* _THE TASK_: With the pictures left out, print exactly the lines below that run from the one containing "This spacious two-bedroom" through the one containing "docker exec -it".

* _SUPPLIED MATERIAL_:

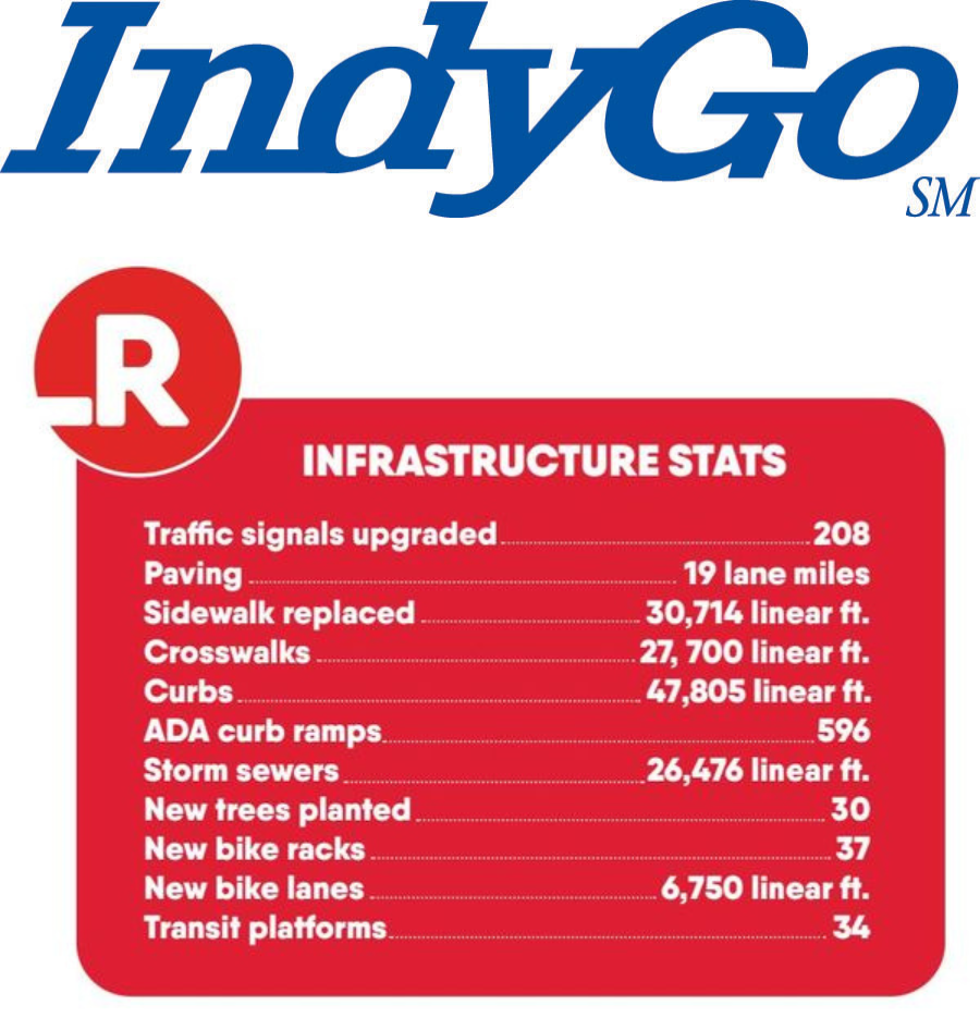 IndyGo is improving travel options throughout the city—not just for those who ride the bus. Infrastructure improvements along the Red Line include 19 newly paved lane miles, 30,700+ feet of replaced sidewalks, and 27,700 feet of crosswalks.
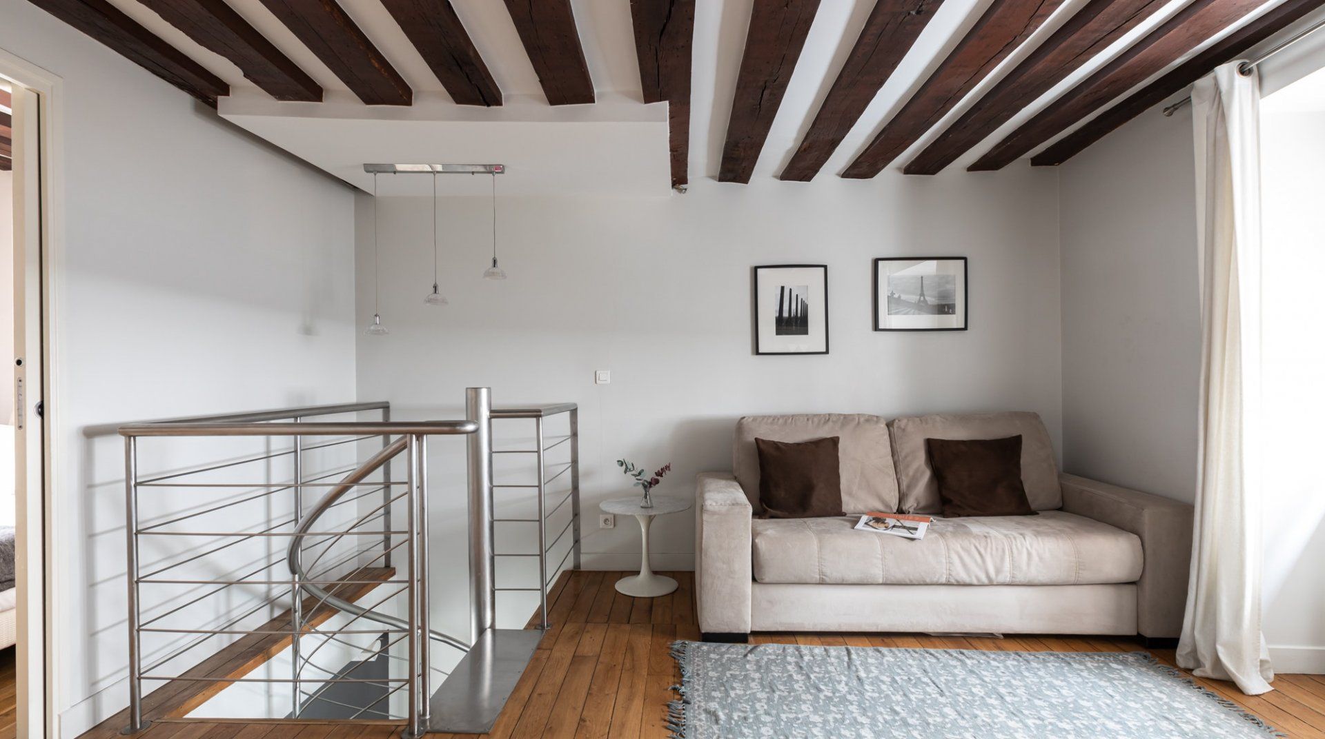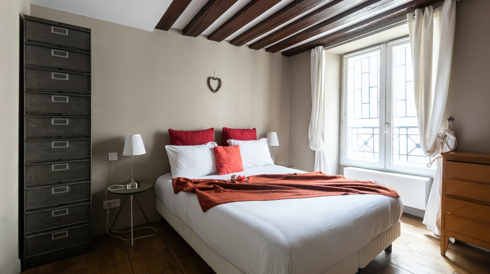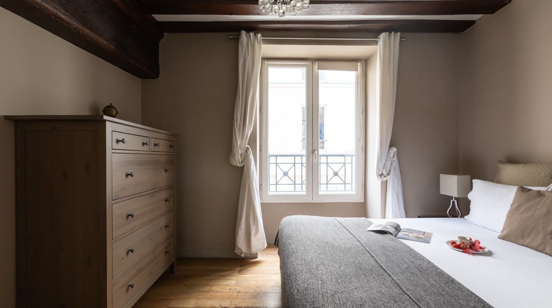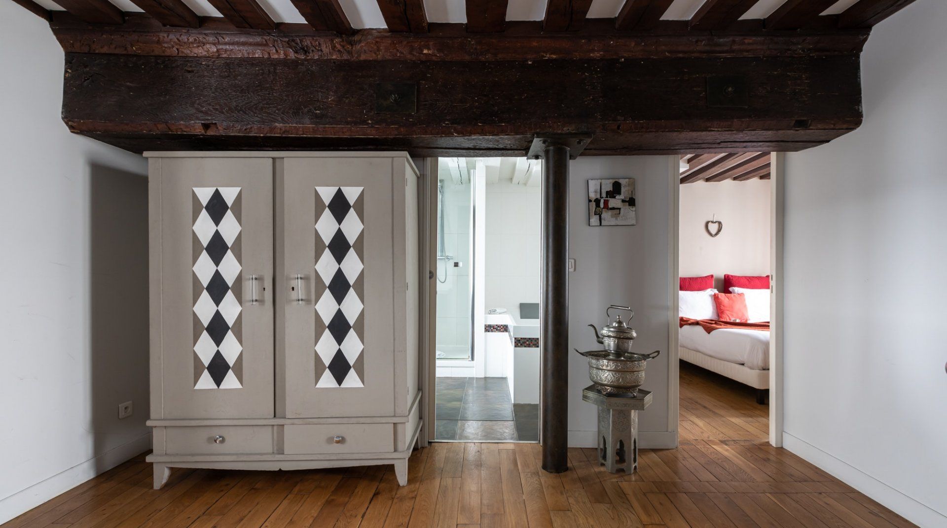 This spacious two-bedroom apartment shines for its centre-of-the-action location, close to the main attractions of the Marais. It's perfectly equipped to keep a two couples comfortable during their Parisian stay, although some may miss a second bathroom for a more agile morning routine. Featuring a modern open-plan living space with a few stylish details and exposed beams in the bedrooms, this home looks simple at first sight but packs a fair amount of character and charm.
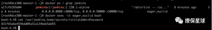 docker exec -it <jenkins_container> bash -c "cat var/jenkins_home/secrets/initialAdminPassword"
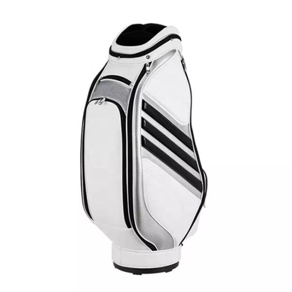 Golf club bag, can store up to 5 clubs, the bottom is anti - wear design, the whole bag is made of PU material, the design of three bars makes the whole bag look more advanced, sports sense
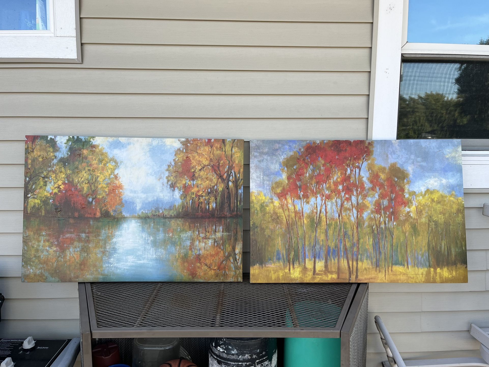I am selling a set of two canvas wall art. Great condition. Great for that first apartment or home. 36in wide by 24in tall. Asking $30 for both together.
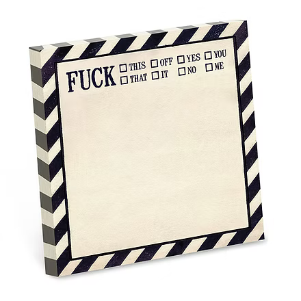 Get ready to unleash your humor with the uproariously funny "Fuck" Sticky Note Pad! Featuring check boxes for "fuck this," "fuck that," "fuck off," "fuck it," "fuck yes," "fuck no," and "fuck you," plus a special spot for "Fuck me." Express yourself with a twist of wit and a touch of profanity. Perfect for those unapologetically honest moments! Great for friends who share a similar sense of humor!
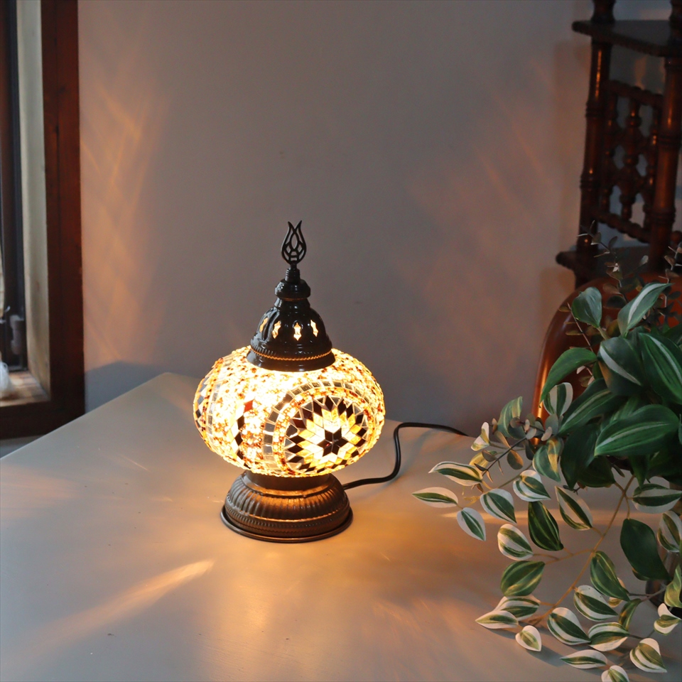 トルコランプ モザイクテーブルランプ 直径16cm 高さ27cm アンバー
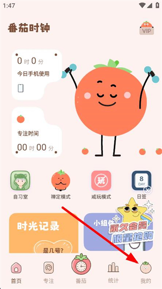 1、打开番茄时钟app,点击底部导航栏的我的选项。
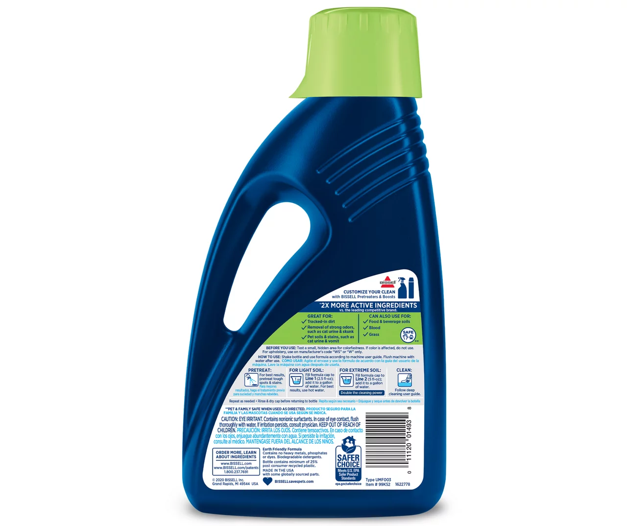 Remove pet stains and soils from carpet with patented odor control technology. The Bissell Pet Stain and Odor formula is designed to loosen and remove the stains and soils that your pet leaves behind. Since it contains odor control technology, the formula will remove odors and help prevent your pet from going back and soiling the same area again. It also helps neutralize general pet odors so that your home feels and smells fresh. It’s great for tracked-in dirt, cat and skunk urine, vomit, food and beverage spills, blood and grass stains. This formula is made for use in upright carpet cleaners.
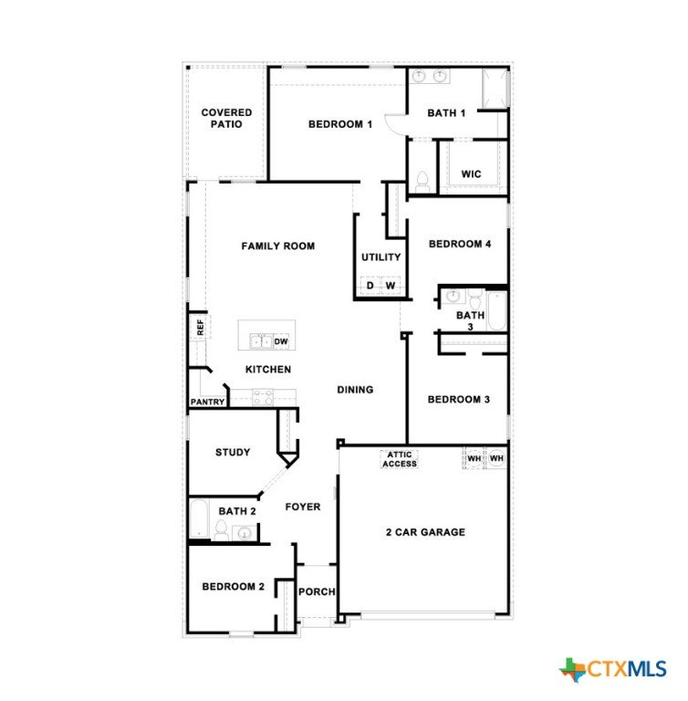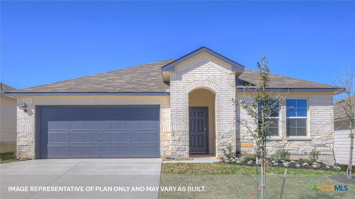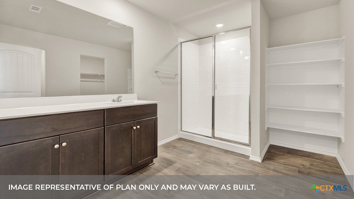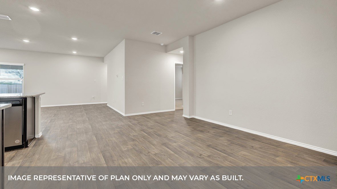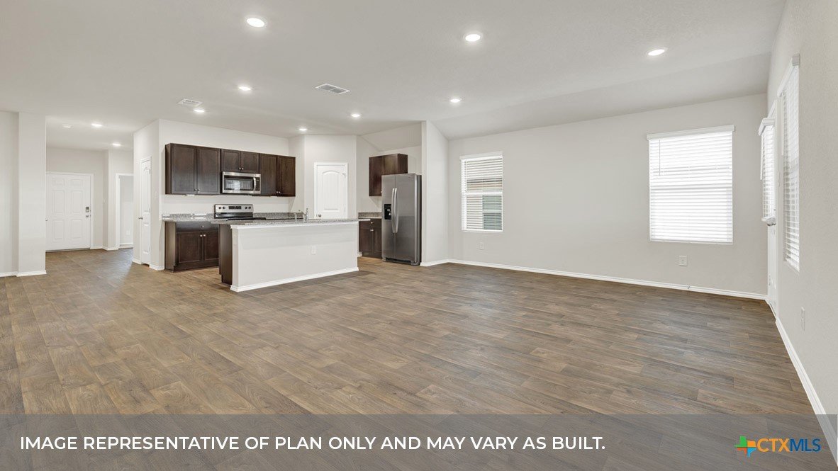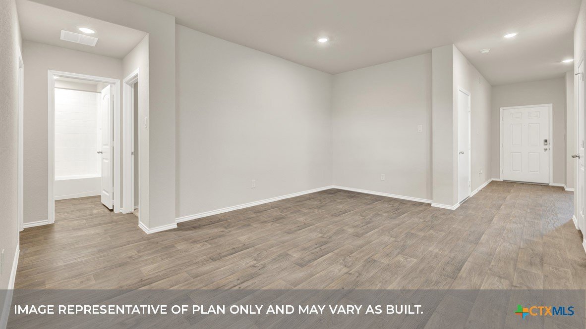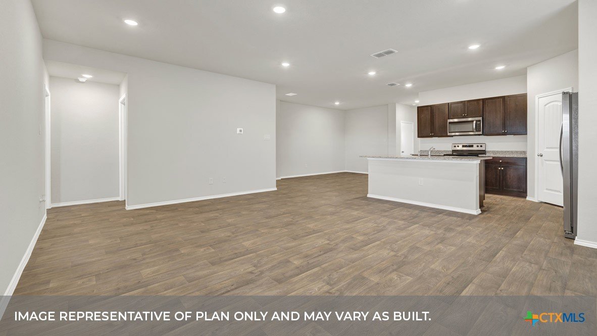 MAY ESTIMATED COMPETION DATE. The Lakeway is our most popular floorplan and is available at Arroyo Ranch in Seguin, Texas. This one-story home offers 2,034 square feet of living space across 4 bedrooms, 3 bathrooms, a study, and 2-car garage. As you enter the home from the covered front porch, you’ll step into the spacious foyer and will find the open study, bathroom 2 and bedroom 2. Use the study as a home office, library, or extra play area for the kids. Stepping further into the home, you’ll discover the dining room, kitchen and family room laid out in an open concept design. Built to make cooking, eating, and entertaining a pleasant experience for family and friends, you’re sure to make many memories in this beautiful space. The kitchen includes granite countertops, a large island facing the family room, a walk-in pantry, stainless-steel appliances and 36’’ upper cabinets. Located privately off the dining room are bedrooms 3 and 4, as well as bathroom 3. The primary bedroom is at the back of the house, off the family room, and includes a private bathroom. This relaxing bathroom space features a 5’ walk in shower, double sink vanity, private toilet area with a door, and a walk-in closet. The utility room is outside the primary bedroom, allowing for the laundry chores to be completed with ease. The Lakeway includes vinyl flooring throughout the common areas of the home, and carpet in the bedrooms. All our new homes feature a covered back patio, full sod, irrigation system in the front and back yard, and a 6’ privacy fence around the back yard. This home includes our America’s Smart Home base package, which includes the Amazon Echo Pop, Front Doorbell, Front Door Deadbolt Lock, Home Hub, Thermostat, and Deako® Smart Switches.

* _ANSWER SPACE_:
 This spacious two-bedroom apartment shines for its centre-of-the-action location, close to the main attractions of the Marais. It's perfectly equipped to keep a two couples comfortable during their Parisian stay, although some may miss a second bathroom for a more agile morning routine. Featuring a modern open-plan living space with a few stylish details and exposed beams in the bedrooms, this home looks simple at first sight but packs a fair amount of character and charm.
 docker exec -it <jenkins_container> bash -c "cat var/jenkins_home/secrets/initialAdminPassword"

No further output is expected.